My Fair Lady
Music by Frederick Loewe, book and lyrics by Alan Jay Lerner
Reviewed by Robert Viagas
The 2018 Lincoln Center revival of My Fair Lady benefits greatly from its new brace of leads, with Tony winner Laura Benanti joining the cast as a sweet and strong Eliza Doolittle, and Danny Burstein taking the role of her hard-partying father, Alfie Doolittle, and the formidable Rosemary Harris in the cameo role of Higgin’s mother in Bartlett Sher’s lavish Tony-nominated revival of the perennially popular 1956 Broadway classic.
They join Harry Hadden-Paton (as Henry Higgins) and other members of the original revival cast who opened the show last spring.
When she’s the cockney-speaking Eliza in Act I, Benanti sings her numbers like “Just You Wait” in a sturdy chest tone. But as she transforms to the upper-class Eliza following “The Rain in Spain,” she rolls out her loverly upper register, beautifully showcased in “I Could Have Danced All Night.” The actress who appears regularly as First Lady Melania Trump on “The Late Show with Stephen Colbert” burnishes her reputation as a master of accents in this musical about the social importance of accents.
As he did with his sterling revivals of The King and I, South Pacific, and other shows, Sher leaves the classic script alone, but manages to find all sorts of charming, comic and telling moments to stage and put new spins on certain scenes. Perhaps the most dramatic change comes in the last moment of the show, when Eliza gives a tougher and more contemporary response to Higgins’ curtain line, “Where the devil are my slippers?,” than audiences may be used to. Without spoiling the surprise, let’s just say that Sher moved the show more in line with the source material, George Bernard Shaw’s politically-themed Pygmalion.
For all its beauty, this is a tougher, leaner My Fair Lady, less focused on the elegant costumes and ambivalent romance, and more focused on the question of how externals like accent and class often mask what’s truly important in the way people ought to regard and treat one another.
That said, Sher never loses sight of the fact that this is a musical.

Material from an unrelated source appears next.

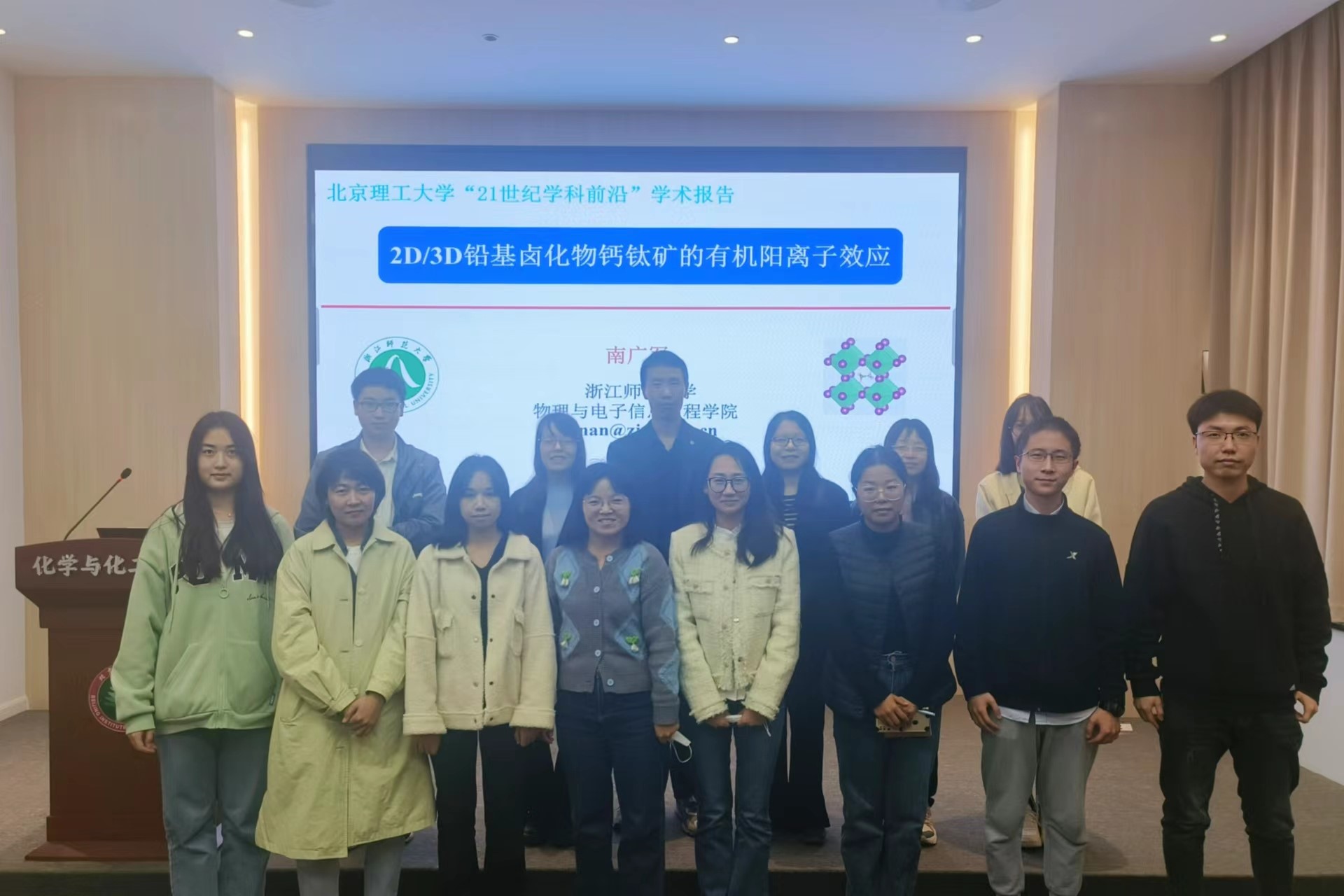 2023年10月31日下午14点,由kaiyun开云官方研究生院主办,kaiyun开云官方承办的“21世纪学科前沿”系列学术论坛于工业生态楼118会议室举行。浙江师范大学南广军教授到访我院并作题目为“2D/3D铅基卤化物钙钛矿的有机阳离子效应”的精彩学术报告。三十余名师生参加了本次讲座。

The high point of the show comes in Act II when Burstein brings the house down, leading the chorus in a high-kicking and uproarious tribute to British Musical Hall, “Get Me to the Church on Time.”
Master conductor Ted Sperling wields the baton over a majestic 29-piece orchestra throughout the show, putting a high polish on the original Robert Russell Bennett and Phil Lang orchestrations for the classic Lerner & Loewe score.
My Fair Lady continues its open-ended run at the Vivian Beaumont Theatre at Lincoln Center Theater in Manhattan.